Representation election reform took the form of measures to streamline elections for union representation by reducing delays before elections are held, based on a schedule of how many employees are required to hold that election. Furthermore, the Act would also have required the NLRB make rules and requirements as to which groups of employees are appropriate for collective bargaining or eligible for representation elections.

Additional remedies the NLRB could grant included: "double back pay to workers illegally deprived of employment... swift court injunctions reinstating illegally discharged employees... back pay awards for employees when employers refuse to bargain with employee representatives... and the barring from eligibility for Federal contracts (for three years) persons who willfully violated Board or court orders."

== Arguments in Congress ==

=== Arguments in Favor of the Act ===
Generally, the proponents of the Act viewed the labor law reform as a means of making the NLRA more efficient and serve employees and employers better. Proponents also asserted that claims that the Act was one-sided or favored employees and unionization, but rather the Act was "intended to remove the obstacles that... stand in the way of achieving the collective bargaining rights already guaranteed in our labor laws." The efficiency of the NLRB would impact employers just as positively as it would impact employees by resolving disputes that would hamper business.

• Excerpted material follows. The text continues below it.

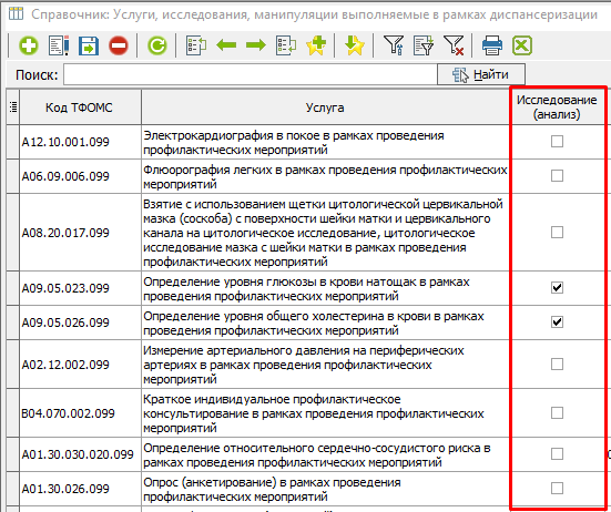 Отнесение услуг по диспансеризации/профосмотрам взрослых пациентов к табличной части вкладки "Оказанные услуги" или в блок "Манипуляции" обуславливается простановкой чек-бокса "Исследование (анализ)" в справочнике "Услуги, исследования, манипуляции выполняемые в рамках диспансеризации" (рисунок 17). Для того, что бы открыть справочник нужно перейти в меню "Справочники" - "Номенклатура услуг" - "Услуги, исследования, манипуляции выполняемые в рамках диспансеризации" (рисунок 18).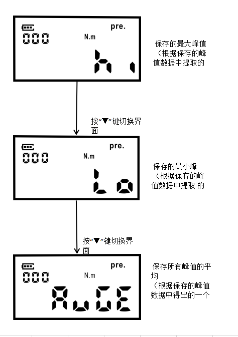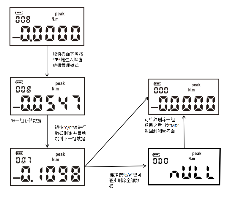 ⑥ 在PEAK(峰值)模式下按向下键,进入峰值数据查看界面,用向下或向上键可以查看每一组数据。P/C键可以删除当前数据。MD键返回peak模式。

=== Arguments Against the Act ===
Opponents to the Act asserted that the NLRB framework was functional as it existed and the Act would throw out of balance what was already balanced. These amendments to the NLRA would "requir[e] that employers open their premises to professional union organizers... severely penaliz[e] employers" by amending the NLRA to become punitive as opposed to remedial, and "reduc[e] the power of the courts to review Labor Board determinations."